Ему не хотелось смотреть на нее, и он угрюмо вытаращился на дверь.

– Увы, Тори, но смерть – это не достижение. И даже не инструмент.

Притворив за собой дверь в палату, Вик побрел по коридору. У сестринского поста остановился. Мария, измазав пальцы шоколадом, пыталась поддеть ногтем очередную конфету. Увидев Вика, она расплылась в маслянисто-коричневой улыбке, точно нефтяная медуза.

– Смелее, – сказал Вик.

В глазах Марии вспыхнула радость. Она быстро обшарила взглядом стол, ища салфетку. Ничего не найдя, взялась убирать шоколад с пальцев языком. Плечи Вика опять заелозили, явно намереваясь выскользнуть из одежды, а сам он замер с приклеенной улыбочкой.

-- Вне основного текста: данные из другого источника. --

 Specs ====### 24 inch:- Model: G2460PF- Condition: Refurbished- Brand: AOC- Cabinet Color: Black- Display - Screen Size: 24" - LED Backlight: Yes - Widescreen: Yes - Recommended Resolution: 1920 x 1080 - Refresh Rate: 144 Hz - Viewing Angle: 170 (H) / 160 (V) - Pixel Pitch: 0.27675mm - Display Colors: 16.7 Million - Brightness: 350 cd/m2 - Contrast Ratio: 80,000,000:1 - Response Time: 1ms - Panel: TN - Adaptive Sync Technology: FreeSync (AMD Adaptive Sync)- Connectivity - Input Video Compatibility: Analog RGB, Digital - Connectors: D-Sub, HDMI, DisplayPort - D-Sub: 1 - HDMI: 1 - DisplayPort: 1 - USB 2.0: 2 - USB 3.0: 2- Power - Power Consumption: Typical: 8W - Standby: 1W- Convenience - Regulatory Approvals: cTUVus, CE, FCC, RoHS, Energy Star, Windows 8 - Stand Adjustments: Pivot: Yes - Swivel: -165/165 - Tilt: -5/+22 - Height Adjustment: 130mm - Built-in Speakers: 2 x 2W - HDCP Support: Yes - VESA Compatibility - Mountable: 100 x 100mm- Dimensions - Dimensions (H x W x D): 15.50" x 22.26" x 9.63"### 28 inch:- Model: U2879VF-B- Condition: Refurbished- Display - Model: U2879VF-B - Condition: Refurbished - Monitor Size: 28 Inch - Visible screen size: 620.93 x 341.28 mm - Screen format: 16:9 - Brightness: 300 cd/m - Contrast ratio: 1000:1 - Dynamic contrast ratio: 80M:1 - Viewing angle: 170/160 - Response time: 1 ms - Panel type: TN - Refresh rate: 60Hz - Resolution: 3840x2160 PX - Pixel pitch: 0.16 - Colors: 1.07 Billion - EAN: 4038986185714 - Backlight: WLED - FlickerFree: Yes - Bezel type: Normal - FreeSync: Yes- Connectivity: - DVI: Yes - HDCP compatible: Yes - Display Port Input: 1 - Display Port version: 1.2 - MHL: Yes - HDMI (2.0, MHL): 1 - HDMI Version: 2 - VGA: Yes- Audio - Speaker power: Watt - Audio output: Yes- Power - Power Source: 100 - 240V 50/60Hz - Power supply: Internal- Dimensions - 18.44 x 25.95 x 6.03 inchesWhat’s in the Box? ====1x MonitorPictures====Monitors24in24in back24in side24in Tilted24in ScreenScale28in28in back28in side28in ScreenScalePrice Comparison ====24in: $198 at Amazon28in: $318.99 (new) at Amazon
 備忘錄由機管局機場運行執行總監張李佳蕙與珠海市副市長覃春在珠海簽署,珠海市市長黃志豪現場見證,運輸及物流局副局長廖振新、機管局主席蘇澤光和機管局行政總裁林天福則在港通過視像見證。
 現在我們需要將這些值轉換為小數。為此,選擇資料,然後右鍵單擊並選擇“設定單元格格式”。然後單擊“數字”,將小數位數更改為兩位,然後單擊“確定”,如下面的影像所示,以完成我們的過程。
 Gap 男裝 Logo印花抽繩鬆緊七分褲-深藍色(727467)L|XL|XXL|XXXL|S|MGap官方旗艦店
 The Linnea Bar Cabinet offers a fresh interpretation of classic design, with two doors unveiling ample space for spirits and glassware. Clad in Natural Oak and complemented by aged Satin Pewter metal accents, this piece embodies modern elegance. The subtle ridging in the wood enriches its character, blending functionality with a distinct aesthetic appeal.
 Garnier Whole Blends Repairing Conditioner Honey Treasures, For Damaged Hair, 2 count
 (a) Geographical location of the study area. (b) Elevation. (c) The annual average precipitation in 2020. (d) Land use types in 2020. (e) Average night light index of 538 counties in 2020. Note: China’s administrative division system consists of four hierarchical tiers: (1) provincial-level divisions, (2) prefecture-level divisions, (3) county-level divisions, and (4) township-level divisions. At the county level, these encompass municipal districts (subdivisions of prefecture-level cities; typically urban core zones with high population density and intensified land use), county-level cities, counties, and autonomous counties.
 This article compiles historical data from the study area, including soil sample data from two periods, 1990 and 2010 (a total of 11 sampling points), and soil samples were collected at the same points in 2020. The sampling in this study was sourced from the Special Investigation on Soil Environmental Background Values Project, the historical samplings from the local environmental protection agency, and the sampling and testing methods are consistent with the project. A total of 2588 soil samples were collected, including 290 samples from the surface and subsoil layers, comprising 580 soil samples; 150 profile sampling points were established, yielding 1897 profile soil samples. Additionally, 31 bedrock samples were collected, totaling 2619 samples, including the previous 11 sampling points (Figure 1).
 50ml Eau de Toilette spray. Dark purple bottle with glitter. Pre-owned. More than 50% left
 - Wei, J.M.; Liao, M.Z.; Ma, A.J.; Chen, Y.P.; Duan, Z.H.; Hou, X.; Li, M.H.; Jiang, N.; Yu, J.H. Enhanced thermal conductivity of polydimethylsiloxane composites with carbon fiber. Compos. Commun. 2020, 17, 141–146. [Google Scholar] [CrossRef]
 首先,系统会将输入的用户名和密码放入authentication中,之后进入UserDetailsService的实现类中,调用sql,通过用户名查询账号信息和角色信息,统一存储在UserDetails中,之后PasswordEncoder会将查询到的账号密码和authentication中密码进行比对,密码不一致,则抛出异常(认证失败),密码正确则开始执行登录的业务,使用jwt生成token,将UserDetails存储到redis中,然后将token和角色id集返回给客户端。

Наконец блестевший пальчик медсестры коснулся значка.

– Тук-тук, – произнес Вик деревянным голосом.

– Кто там? – с готовностью спросила Мария.

– Это я, почтальон Печкин, принес заметку про вашего мертвого мальчика.

Глаза Вика выкатились, копируя беспомощный взгляд медсестры, а рот исторг смешок.

Похохатывая, Вик направился в сторону лифтов.


3.

Вик вошел в просторный вестибюль банка, за которым начинались Главная Площадь Осквернения, Донорские Колодцы и Гильотинная. На Площади Осквернения занимались тем, что всячески размягчали клиентов, распевая дифирамбы Первому межрегиональному. В Донорских Колодцах предлагали вкусить финансовой амброзии, а в Гильотинной понемногу сдирали шкуру с тех, кто, заложив дом или машину, но не почку, теперь рыдал над счетами. Вик гордился прозвищами. Они звучали куда лучше, чем отдел кредитования или отдел взыскания недоимки.

На Вика уставились десятки глаз. Лишь немногие отвернулись – вроде той же Горбань, наконец-то расставшейся со стаканчиком, – когда он взглянул в ответ. Пожав плечами, Вик направился к своему столу на Главной Площади Осквернения. Там его перехватил Захаров, ассистент управляющего. На взгляд Вика, этот парень напоминал тощего факира, только глотал он не шпаги, а вешалки.

– Виктор Иосифович, вас вызывает Вешняков.

– Как сегодня дела с вешалками, Евгений?

– Что, простите?

– Ничего, пойдем.

Вешняков руководил Первым межрегиональным, и Вик подчинялся только ему. Вик кивнул посыльному, потом кивнул тем, кто всё еще таращился на него. Миновав приемную и проигнорировав секретаршу, продувавшую ногти, без стука вошел в кабинет управляющего.

Вешняков сидел за столом. Пахло инжиром. Разумеется, не настоящим, а тем, что попукивают автоматические диффузоры.

– Садись, Вик. Покурим?

– Покурим, – согласился Вик, но предложенных сигарет не взял.

Отодвинув бесполезную бело-красную пачку, Вешняков сцепил пальцы в замок.

– Ты очень харизматичный, Вик, и очень многое сделал для банка.

– Вы не можете меня уволить. – Губы Вика то растягивались, то обнажали зубы, будто хотели продать их. – У меня еще куча дел.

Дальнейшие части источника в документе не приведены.